Scientific classification
- Kingdom: Animalia
- Phylum: Chordata
- Class: Amphibia
- Order: Anura
- Family: Limnodynastidae
- Genus: Heleioporus
- Species: H. albopunctatus
- Binomial name: Heleioporus albopunctatus Gray, 1841

= Western spotted frog =

- Authority: Gray, 1841
- Conservation status: LC

Species of amphibian

The western spotted frog (Heleioporus albopunctatus) is a species of frog in the family Limnodynastidae.
It is endemic to Western Australia.
Its natural habitats are forests, shrublands, intermittent rivers, freshwater marshes, rocky areas, granite outcrops, arable land, pastureland, open excavations, and canals and ditches.
It is threatened by habitat loss and salinity.

==Breeding==

Heleioporus albopunctatus has terrestrial egg deposition. Males excavate burrows up to 1 m deep in sandy substrates surrounding ephemeral waterbodies, and commence calling in autumn (March/April). Amplexus (mating) occurs in the burrow and females deposit a clutch of eggs embedded in foam, in a chamber at the base of the burrow. Eggs develop to mid-stage tadpoles within the eggs, but final development is dependent on winter rains filling the waterbody and flooding burrows. Tadpoles then hatch and complete development in the pond.

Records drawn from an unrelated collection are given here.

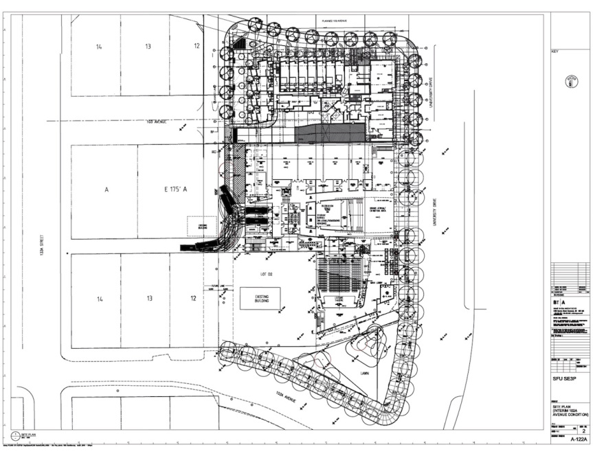 A Rezoning, Subdivision, City Centre Amendment, and Development Permit application has been submitted by IBI Group for a 42-Storey residential tower above ground-level retail at the corner of 133A St & 102A Ave just to the west of SFU. The application is proposing to consolidate 5 existing lots, currently occupied by a gravel parking lot, a vacant lot, and a four-plex to create 473 residential units above 3,762 SF of retail.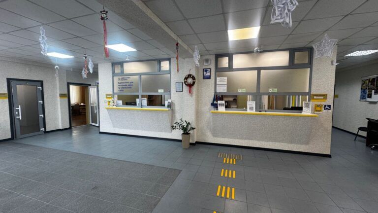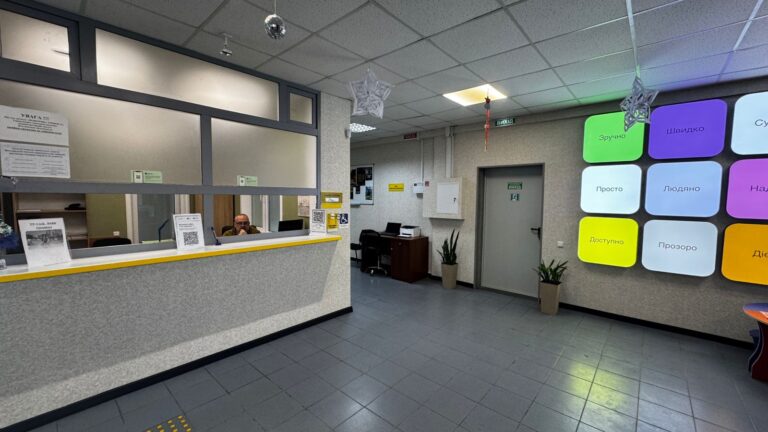 - Для людей з порушеннями опорно-рухового апарату: встановлено пандуси, розширено дверні отвори, облаштовано поручні в санітарних кімнатах та адаптовано стійки прийому для відвідувачів на кріслах колісних чи з милицями.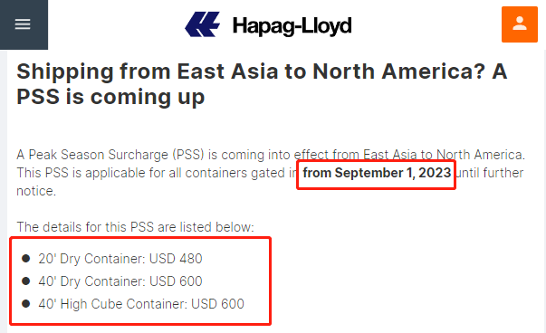 8日,赫伯羅特官網(wǎng)發(fā)布公告稱,自9月1日起,由東亞地區(qū)(包括中國)運(yùn)往北美的貨物征收旺季附加費(fèi)PSS(Peak Season Surcharge),PSS征收標(biāo)準(zhǔn):20尺柜:480美元,40尺及高柜600美元。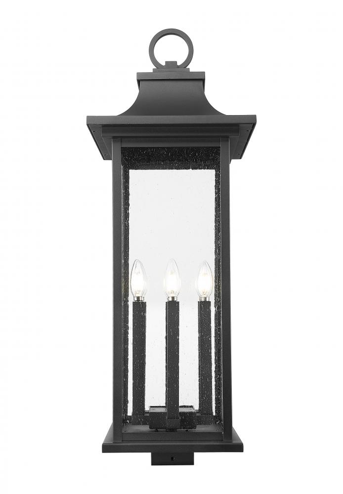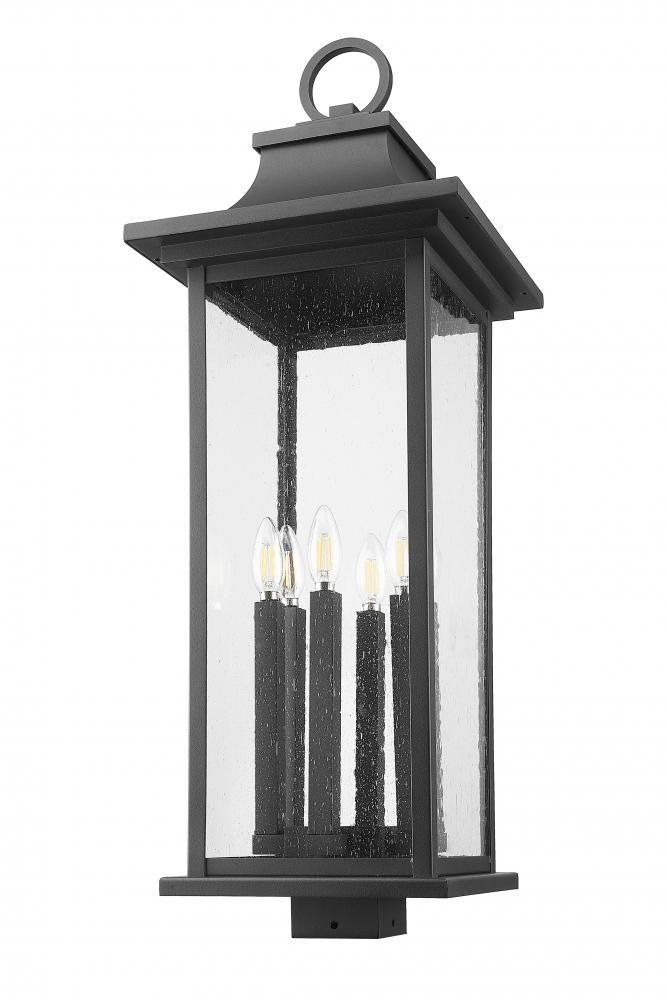 Highlight your exterior decor and landscaping with this transitional six-light outdoor post mount light. It features a center cluster of six candelabra lights, tucked behind seedy glass for bright illumination. The frame is complete with a coastal black finish and features a flared cap and ring finial for added decorative effect.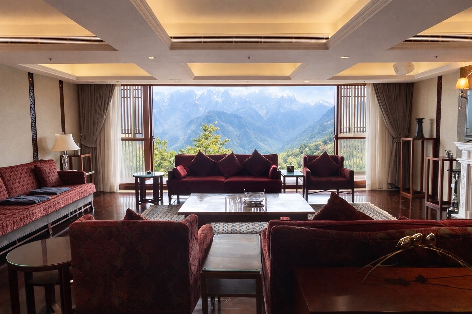 60坪「尊爵套房」帶領旅人穿梭山岳、雲瀑的極致體驗。180度無遮蔽遼闊視野,坐擁鄒族大塔山、眠月線步道第一排景觀絕佳視野,遠眺玉山山脈及連綿壯麗的山景,以山巒雲霧、靜謐與尊榮,為旅人開啟一段遠離塵囂的非凡旅程!客房空間搭配雙面大面積落地窗,180度的寬闊視野襯映窗外大塔山的雄偉壯麗,自在優雅的隱逸於高山謐靜之中。柔軟床寢讓身心自在伸展,承載一夜安穩好眠。特別一提的是,景觀客廳沙發設計,巧妙揉和典雅木質元素與〈勃根地酒紅〉色調,營造出最適合高山綠意的一抹紅彩,古典與現代感交織的設計,充分展現阿里山賓館百年風華,雅致又不失時尚,細膩鋪陳出溫潤的旅居氛圍。

Some clutches of eggs have been found to be infested by the larvae of a dipteran fly Aphiura breviceps and females of this fly may reside in the burrows of this frog where they are presumed to feed on the outer capsules of the eggs. In one study, around 7% of burrows were found to have eggs infested with maggots from this phorid fly and the mean egg clutch size was 391, and on average, only 2.8% of clutches were found to experience some form of egg mortality.

==Population==

Genetic studies have shown that there is good dispersal across the range of this species, however high levels of inbreeding were detected between some populations in the central wheatbelt region of WA, indicating that habitat fragmentation and salinity may be restricting gene flow. A comprehensive study of populations in the central wheatbelt of Western Australia used mark-recapture studies and found low levels of recapture (0.05 to 0.45) between years and estimated an overall survival rate ranging from 0.34-1. This study concluded that survival rates were generally high and the species was persisting in highly modified landscapes. A further population viability analysis study of 24 populations across a gradient from forest to cleared land, found that frog populations connected by dispersal (metapopulations) were less likely to become extinct than isolated populations. That study also found that the survival rates of juvenile frogs was the most important factor in the persistence of populations and that populations may survive well even under a drying climate, if breeding ponds can be managed to not dry out too quickly.